02 de septiembre de 2019
Capítulo 57—El Apocalipsis
Al insistirse en esas doctrinas falsas y aparecer diferencias, la vista de muchos fué desviada de Jesús, como el autor y consumador de su fe. La discusión de asuntos de doctrina sin importancia, y la contemplación de agradables fábulas de invención humana, ocuparon el tiempo que debiera haberse dedicado a predicar el Evangelio. Las multitudes que podrían haberse convencido y convertido por la fiel presentación de la verdad, quedaban desprevenidas. La piedad menguaba rápidamente y Satanás parecía estar a punto de dominar a los que decían seguir a Cristo.

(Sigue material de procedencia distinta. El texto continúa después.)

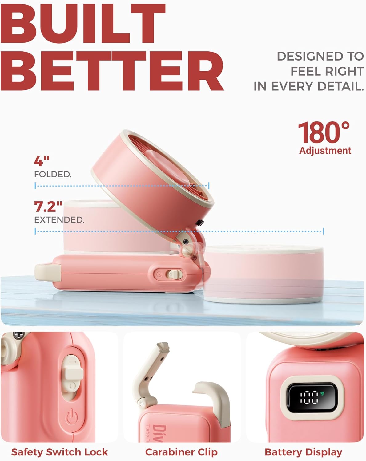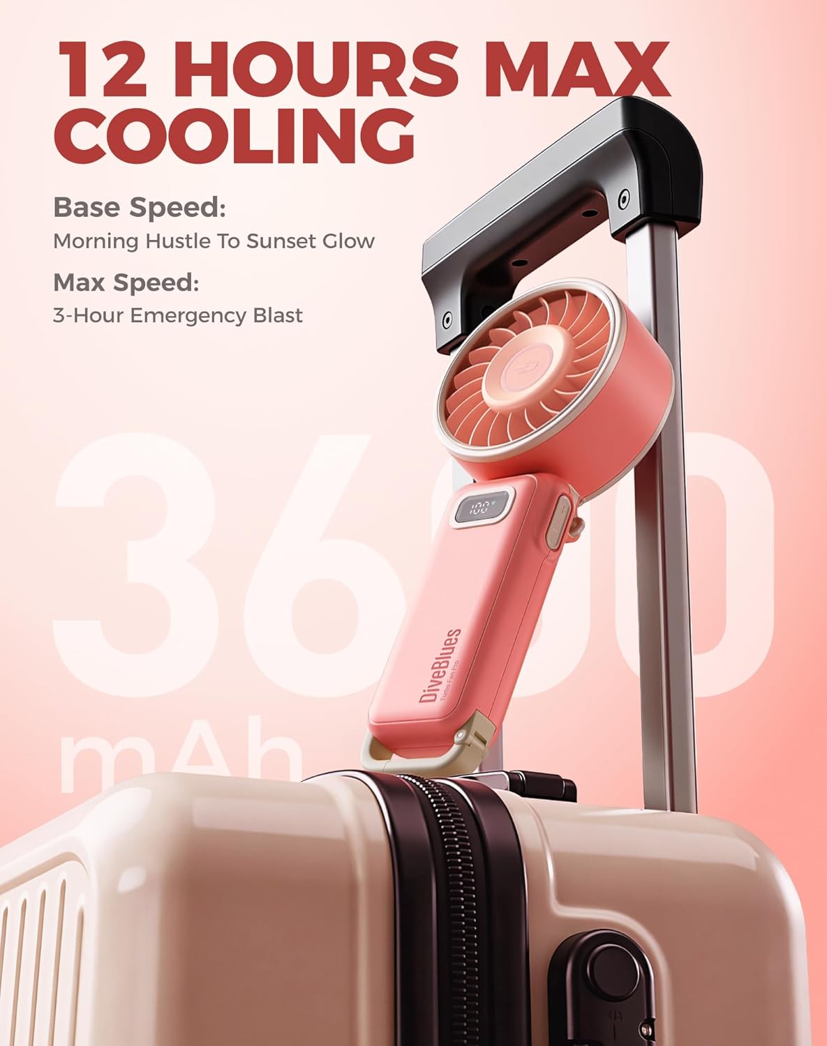 Diveblues Portable Hand Fan – Mini USB Rechargeable Handheld Fan Up to 12 Hours Cooling, 1-100 Speed Personal Fan with Turbo Airflow, 180° Foldable Desk Fan for Office & Bedroom & Travel & Commuting
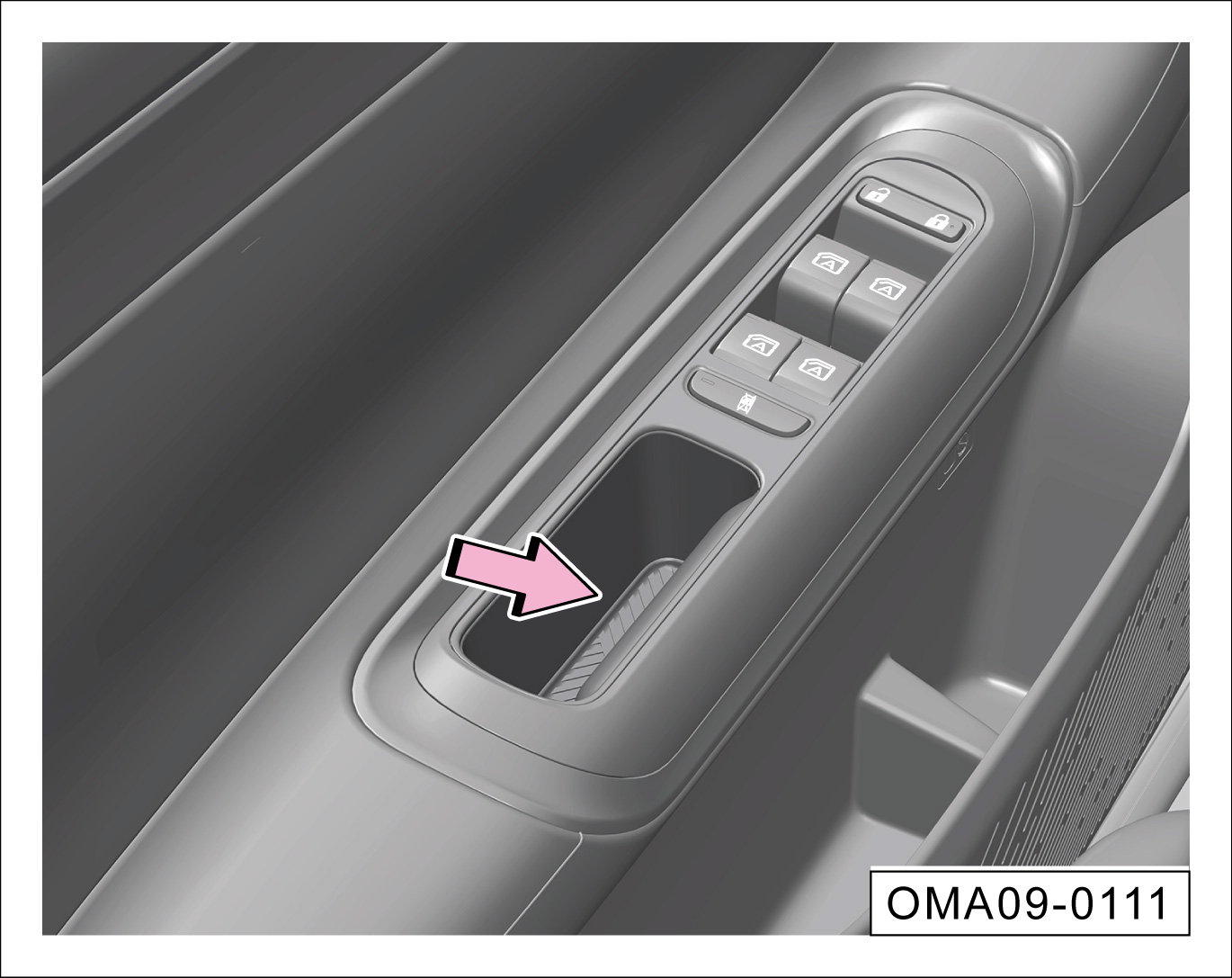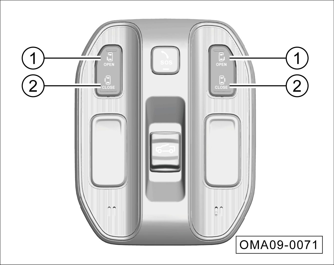 长按滑移门按键①,电动开启对应侧滑移门。

Fué en esa hora crítica de la historia de la iglesia cuando Juan fué sentenciado al destierro. Nunca antes había necesitado la iglesia su voz como ahora. Casi todos sus anteriores asociados en el ministerio habían sufrido el martirio. El remanente de los creyentes sufría una terrible oposición. Según todas las apariencias, no estaba distante el día cuando los enemigos de la iglesia de Cristo triunfarían.
Pero la mano del Señor se movía invisiblemente en las tinieblas. En la providencia de Dios, Juan fué colocado en un lugar donde Cristo podía darle una maravillosa revelación de sí mismo y de la verdad divina para la iluminación de las iglesias.
Los enemigos de la verdad confiaban que al mantener a Juan en el destierro, silenciarían para siempre la voz de un fiel testigo de Dios; pero en Patmos, el discípulo recibió un mensaje cuya influencia continuaría fortaleciendo a la iglesia hasta el fin del tiempo. Aunque no se libraron de la responsabilidad de su mala acción, los que desterraron a Juan llegaron a ser instrumentos en las manos de Dios para realizar los propósitos del Cielo; y el mismo esfuerzo para extinguir la luz destacó vívidamente la verdad.
Fué en un sábado cuando la gloria del Señor se manifestó al desterrado apóstol. Juan observaba el sábado tan reverentemente en Patmos como cuando predicaba al pueblo de las aldeas y ciudades de Judea. Se aplicaba las preciosas promesas que fueron dadas respecto a ese día. “Yo fuí en Espíritu en el día del Señor—escribió Juan,—y oí detrás de mí una gran voz como de trompeta, que decía: Yo soy el Alpha y Omega, el primero y el último.... Y me volví a ver la voz que hablaba conmigo: y vuelto, vi siete candeleros de oro; y en medio de los siete candeleros, uno semejante al Hijo del hombre.” Apocalipsis 1:10-13.
Fué ricamente favorecido el discípulo amado. Había visto a su Maestro en el Getsemaní con su rostro marcado con el sudor de sangre de su agonía; “tan desfigurado, era su aspecto más que el de cualquier hombre, y su forma más que la de los hijos de Adam.” Isaías 52:14 (VM). Le había visto en manos de los soldados romanos, vestido con el viejo manto purpúreo y coronado de espinas. Le había visto pendiendo de la cruz del Calvario, siendo objeto de cruel burla y abuso. Ahora se le permite contemplar una vez más a su Señor. Pero, ¡cuán distinta es su apariencia! Ya no es varón de dolores, despreciado y humillado por los hombres. Lleva vestiduras de brillantez celestial. “Su cabeza y sus cabellos eran blancos como la lana blanca, como la nieve; y sus ojos como llama de fuego; y sus pies semejantes al latón fino, ardientes como en un horno.” Apocalipsis 1:14, 15. Su voz era como el estruendo de muchas aguas. Su rostro brillaba como el sol. En su mano tenía siete estrellas, y de su boca salía una espada aguda de dos filos, emblema del poder de su palabra. Patmos resplandeció con la gloria del Señor resucitado.